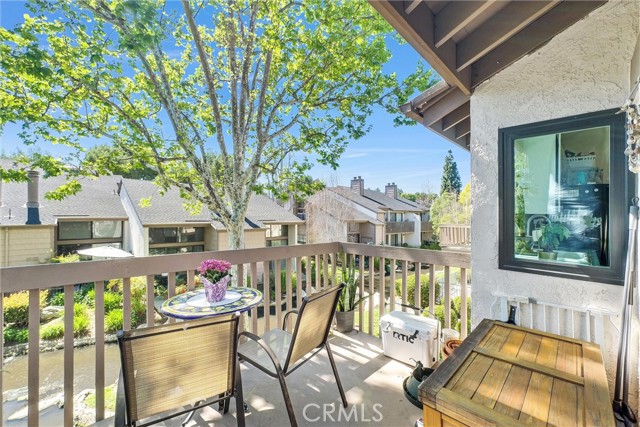 Experience the opportunity to own a luxurious view home in South Orange County. This private end-unit condo is filled with natural light and features a large new side window, creating a bright and inviting living space. Step through the brand-new sliding glass door onto your private balcony and enjoy tranquil stream views and beautiful sunsets. Upstairs, the spacious loft features new flooring and offers flexible use as a home office, yoga studio, or additional storage area. This is a beautifully upgraded condo that combines comfort, style, and functionality. Existing 830 sf to include the loft. Recent improvements include brand-new windows and a sliding door with a lifetime warranty, as well as luxury vinyl flooring with new padding for exceptional comfort underfoot. The bathroom has been fully renovated with new tile, a new tub, a new vanity, Kohler solid brass shower fixtures, a premium faucet set, and elegant cabinetry. Additional upgrades include new interior doors, a new washer, and a new dryer. The sellers invested approximately $35,000 in recent improvements before deciding to move to a larger home. Located in the desirable Quail Creek community, residents enjoy lush landscaping, peaceful streams, and scenic lakes that are home to wild birds, turtles, and koi fish. Nearby trails along Oso Parkway offer opportunities for hiking and views of local wildlife, including horses and llamas. The community also features a brand-new roof, six EV charging stations, and ample guest parking. The HOA dues of $522 per month include cold water, hot water, insurance, and access to resort-style amenities such as two pools, two spas, two saunas, two tennis courts, and maintenance of the beautifully landscaped grounds, creeks, and lakes. Conveniently located, this home is approximately 15 to 20 minutes from Irvine, John Wayne Airport, Dana Point Harbor, and Laguna Beach, where you can enjoy renowned beaches, dining, and festivals.
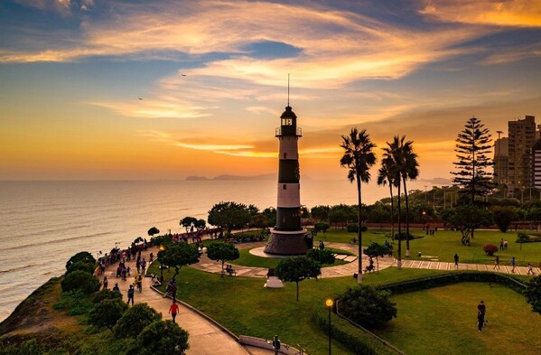 Moving into the modern stage,the district of Miraflores stands out with its robust hotel offerings,entertainment options,and the Costa Verde boardwalk. The small parks along the boardwalk are a must-see during your visit,whether on a walking or biking tour. Some of the best views of the boardwalk can be enjoyed from the area's taller hotels,with the JW Marriott Lima being one of the most iconic. From here,you can see the boardwalk,the sea,and the paragliders,creating a pleasant landscape. Likewise,the Insumo restaurant on the terrace of the AC Lima Miraflores also offers excellent views. For those who prefer a walk in a natural setting,the Fairfield Lima and the Courtyard Lima are very close to parks filled with native vegetation where locals and tourists go to connect with nature.
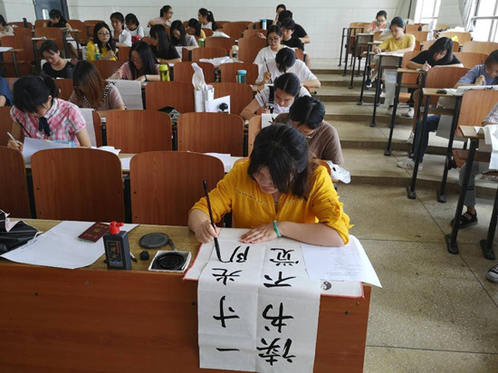 为夯实师范生的教学基本功,提升师范生的从教能力,5月12日至20日,利用中午、晚上和周末的课余时间,我校组织开展了2018年上半年师范生教师职业技能考核。各学院对此次考核工作高度重视,考前成立了考试工作领导小组,认真落实各项前期准备和组考工作。考试期间,教务处及各学院负责人到现场巡视指导,各项考核工作井然有序。
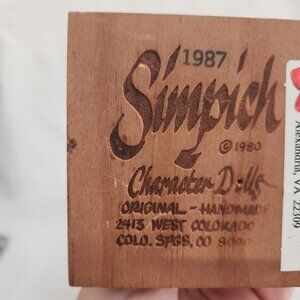 Some dings/marks in the wooden base, a little bit of paint missing in his hair and address sticker of previous owner on the base, see pics.
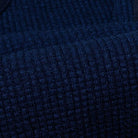 We designed a waffle T -shirt using yarn-dyed indigo yarn. You can enjoy a different color fading than product dyeing. Rope-dyed yarn does not dye all the way to the core, so the white of the incomplete core appears due to fading and wear from wearing, creating a beautiful gradation. Yarn-dyed indigo yarn is often avoided for production because it stains knitting machines, and it is a rare fabric that can only be produced in a limited number of factories in Japan. A special four-needle sewing machine is used for sewing to prevent the sewn parts from becoming thick. The fabric is about 12 ounces, and while it has a moderate thickness, it is soft and comfortable to wear.
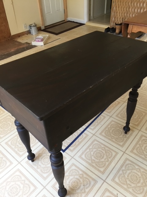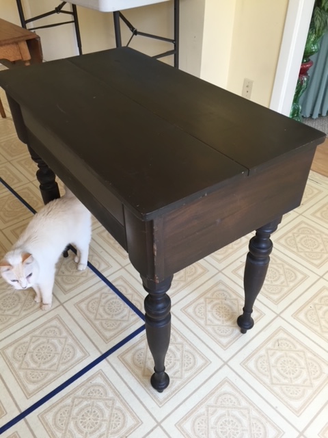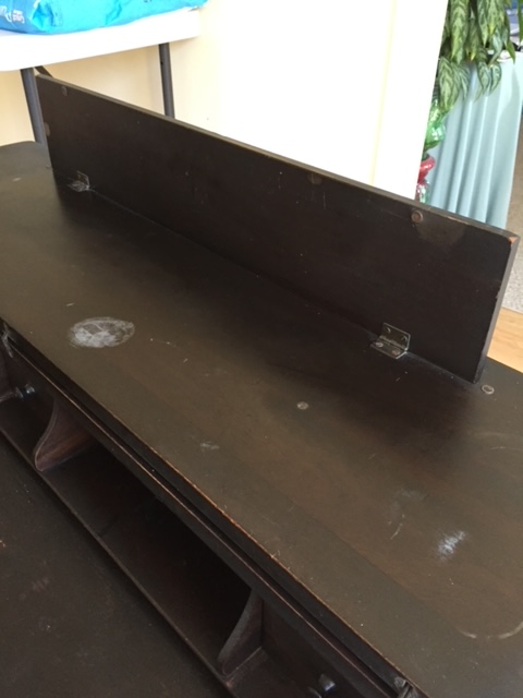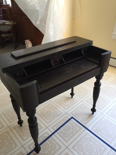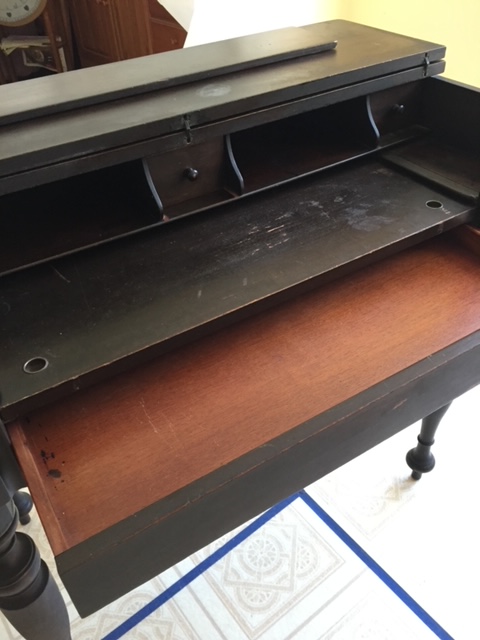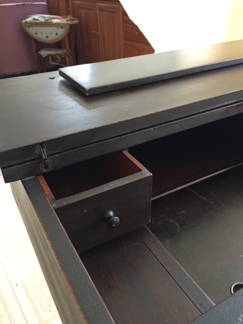 This is one of those wonderful antique desks with pigeonholes, little drawers and interesting spaces… It closes to a completely flat top, or opens to show all of its considerable features. It’s easier to have you check out the photos than to try to describe everything, but the basics are: 3 little drawers and a full drawer, 2 pigeonholes, 2 small “wells” (one on each side), and a writing tray that pulls out! (Oh, and apparently the legs do twist off for easier transport.)
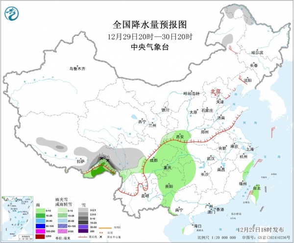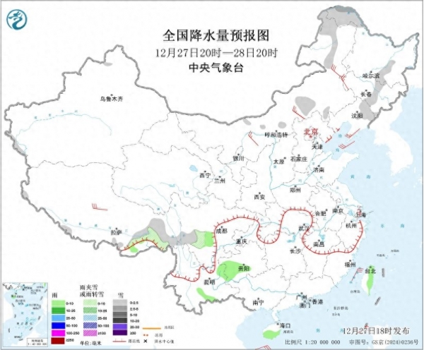 图1 全国降水量预报图(12月27日20时-28日20时)
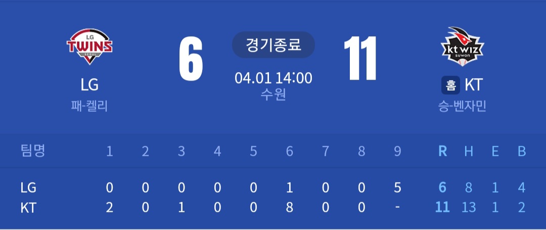2023년 4월 1일 KBO 한국프로야구 경기결과
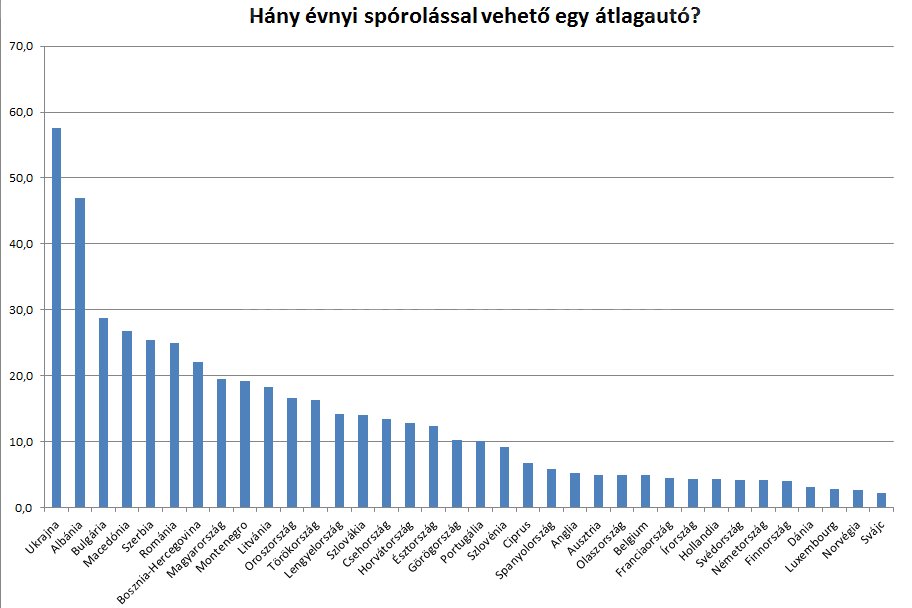Nem egy luxusautó, csak egy új Suzuki Swift esetén néztük meg, hogy az hány havi átlagbért jelent az egyes országokban, illetve azt, hogy az hány évnyi spórolással (az átlagbér 10%-os félretevésével) lenne megvásárolható
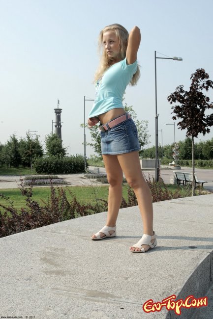 Была хорошая солнечная погода и красивая русская разделась на улице и даже не засмущалась того, что ее прелести может увидеть какой-нибудь случайный прохожий. Сексапильная белокурая худышка с красивой небольшой грудью и пирсингом в пупочке сначала показывала черные трусики под юбкой, после чего сняла их, и светила бритой киской как полагается.
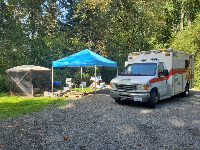 Have you ever watched an ambulance scream past you and wondered what it feels like to drive one of those beauties? Here’s your chance! Explore the splendour of the Pacific Northwest from the comfort and safety of this show-stopper retired ambulance. The powerful turbodiesel van comes with everything 2 people and pets would need for a memorable road trip in most weather conditions. Plenty of power from the V8 gets you into and keeps up with highway traffic with ease, while the low-down diesel torque will climb almost any hill or mountain road effortlessly. And it sounds like a semi!! You gotta love the diesel “dock-dock-dock” sound :). Maybe I should have named it “Dock-Dock”…but I digress
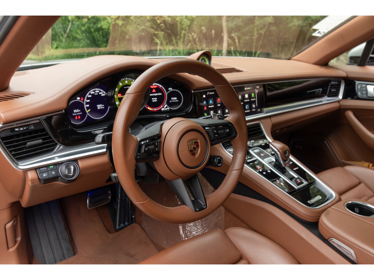 Full PPF! Essa unidade está na cor Giz com o interior em Couro Club Marrom Cohiba. Seus principais opcionais são rodas 21" Exclusive Design sport pintadas em preto jet, bancos esportivos adaptáveis na frente elétricos de 18 vias com memória, bancos dianteiros com aquecimento, pacote exterior em preto brilhante, designação do modelo pintada em preto alto brilho, sistema de escape esportivo incluindo ponteiras em preto, faróis em LED Matrix com PDLS Plus, lanternas exclusive, câmera Surround 360º, painel de instrumentos em verde lizard, cronômetro em verde lizard, logo Porsche gravado nos encostos de cabeça, assistente de mudança de faixa, volante Sport GT em couro com aquecimento, Head-Up Display, suspensão a ar adaptável com PASM, portas com fechamento suave, teto solar panorâmico, pacote interno de luzes, ar condicionado de 4 zonas, piloto automático adaptativo, Porsche Entry, som Bose, multimídia PCM de 12,3" com GPS, Apple CarPlay e Android Auto...
-- -- --
Above are the records; please give again, exactly and in full, only the lines that run from the line with "Была хорошая солнечная" through the line with "Have you ever", with no pictures.

--- YOUR SOLUTION ---
 Была хорошая солнечная погода и красивая русская разделась на улице и даже не засмущалась того, что ее прелести может увидеть какой-нибудь случайный прохожий. Сексапильная белокурая худышка с красивой небольшой грудью и пирсингом в пупочке сначала показывала черные трусики под юбкой, после чего сняла их, и светила бритой киской как полагается.
 Have you ever watched an ambulance scream past you and wondered what it feels like to drive one of those beauties? Here’s your chance! Explore the splendour of the Pacific Northwest from the comfort and safety of this show-stopper retired ambulance. The powerful turbodiesel van comes with everything 2 people and pets would need for a memorable road trip in most weather conditions. Plenty of power from the V8 gets you into and keeps up with highway traffic with ease, while the low-down diesel torque will climb almost any hill or mountain road effortlessly. And it sounds like a semi!! You gotta love the diesel “dock-dock-dock” sound :). Maybe I should have named it “Dock-Dock”…but I digress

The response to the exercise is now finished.